Худой, подтянутый Логвин был доволен тем, что не придется ехать. Он постоит-постоит, а потом пойдет и доспит часок-другой. Пускай себе едут одни. Кто обидит детей? Дети — улыбка божья. Их обижать нельзя.
И потому Логвин довольно ухмылялся. Разбудили девочек, швырнув горсть песка в окно первого этажа. Они оделись быстро и, потворствуя капризам Майки, вылезли через окно и, конечно, сразу же промокли. Потому их под общий хохот пришлось усаживать в коляску и укутывать верблюжьей попоной. Так они и сидели, словно близнецы. И приятно было смотреть на горделивое лицо Майки и свеженькую мордочку Яни.
Живой, как сверчок, Мстислав сразу же забрался в коляску, на место кучера, чтоб быть ближе к девочкам. Логвин, глядя на него, только головой качал: «Ловкий, черт, как ртуть. Уж такой татарин. Просто диву даешься».
Алесю подали Ургу, Андрею — мышастую Косюньку, Кондрату и Павлюку — спокойных чалых кобылок.
Алесь осмотрел кавалькаду — все было готово. И к нему пришло то ощущение счастья, которым он жил уже второй день.
…Мать в эти дни немного занемогла и не выходила к ним. У нее как раз начиналось то настроение особенной впечатлительности, которого пан Юрий всегда побаивался и которое продолжалось обычно несколько дней в году.
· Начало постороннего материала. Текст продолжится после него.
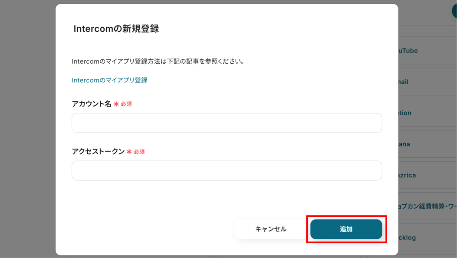 「Intercomの新規登録」画面から、アカウント名、アクセストークンを入力し「追加」をクリックします。
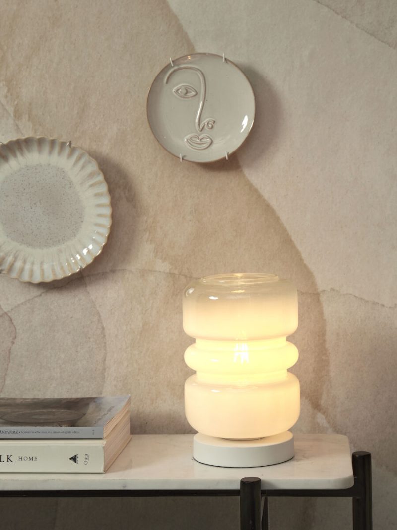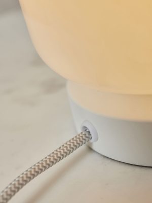 La lámpara de mesa blanca de la serie Verona ofrece una apariencia fresca con su diseño clásico. El vidrio blanco y la base de metal la convierten en una opción ideal para un dormitorio o salón moderno. IP20 y casquillo E27 la completan.
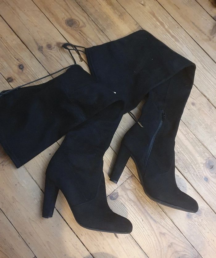 Cuissardes bottes noires à talons effet velour - photo numéro 2
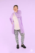 These romantic and serene leggings offer a large scale rose pattern in lavender and shades of grey.
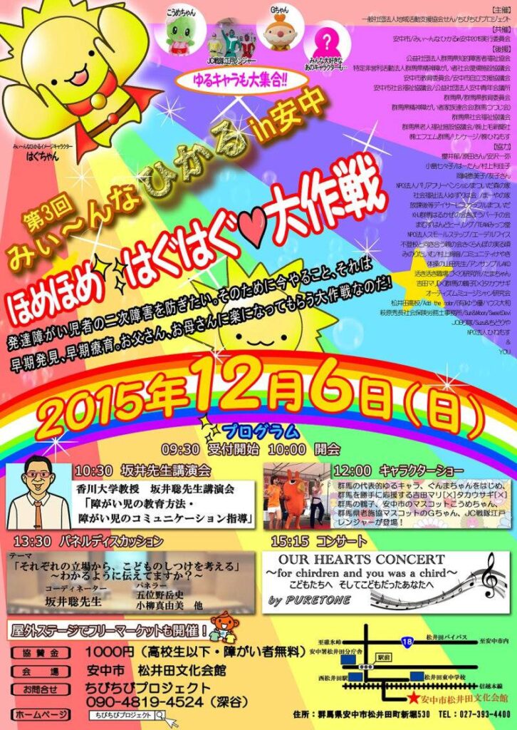 群馬県安中市で開催された福祉イベント「みぃ〜んなひかる in 安中」のイメージキャラクター『はぐちゃん』をデザインしました。

Начиналось это с первыми желтыми листиками на березе, после Ильи, который, как известно, сбросил с каждого дерева по два листа. Деревьям еще долго было зеленеть, однако неуловимая грусть, которая разливалась с этого времени в природе, неуловимые для глаза первые приметы умирания будто сразу убивали печальную и слабую жизнерадостность матери, и она замыкалась в себе.
Ускорял все это день, когда пан Юрий собирался на первую настоящую охоту. Вчерашние хлопунцы поднялись на крыло. Кряковые еще не начинали линять. Приближался день большой птичьей крови.
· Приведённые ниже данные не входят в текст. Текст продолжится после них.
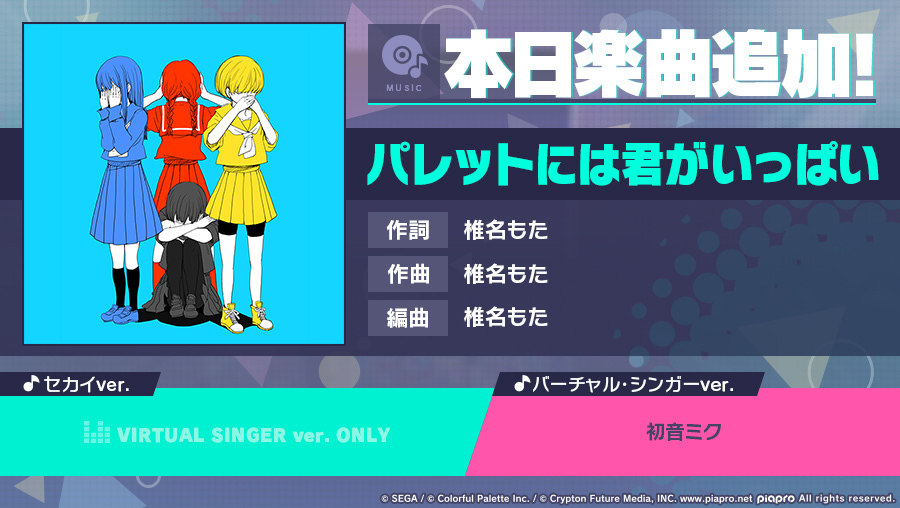 「プロジェクトセカイ」,“パレットには君がいっぱい”をリズムゲーム楽曲として追加
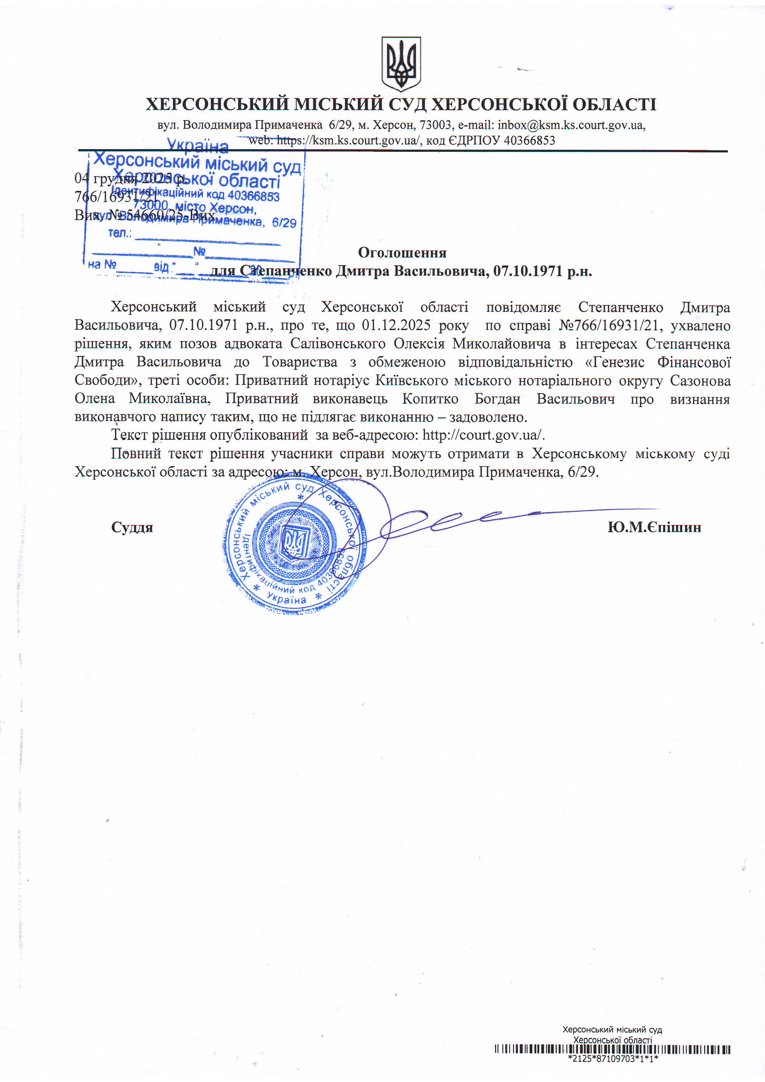 Оголошення для Степанченка Дмитра Васильовича про ухвалення рішення

Готовились с вечера. И сразу у матери начинала болеть голова, а глаза грустнели. Зная, что ничего не изменится, что добрый и мягкий пан Юрий станет, как только дойдет до охоты, настоящей убоиной и ни за что не послушается ее, она все же предпринимала достойные жалости попытки удержать его.
— Как вы можете это, Georges?
Пан Юрий молчал, уставившись в тарелку.
— Филёмон, — так она называла Филимона, — говорил, что вчера видел — утка вела хлопунцов. Их еще много. Они у всех уток, у которых лиса разрушила первое гнездо.
— Да мы, матушка, хлопунцов не стреляем, — защищался пан Юрий. — Что у нас, ума нет? Мы сегодня на бекасов едем.
— Еще хуже. За что таких маленьких?
Пан Юрий молчал. Что он мог сделать, когда с лугов и болот летел такой призывный клич?
И пани Антонида понимала, что она ничего не изменит.
Тогда она закрывалась в своих комнатах, не допуская к себе никого. Даже маленький Вацлав в эти дни переходил на руки мамок. Что с того, что у него нежные розовые пальчики? Они тоже будут держать ружье.
Это было какое-то печальное недоразумение перед началом убийства, которое жило в душах многих.
Пан Юрий, встречая сына, говорил ему:
— Ты, брат, не лезь к ней. У нее, знаешь ли, не то что у нас…
Комнаты матери были темными, как и ее мысли.
Зато детям с паном Юрием было легко и просто. Он садился за стол и прежде всего спрашивал у детей грубым голосом:
— Что, дети, лили ли вы олей[58] в бульбу или не лили?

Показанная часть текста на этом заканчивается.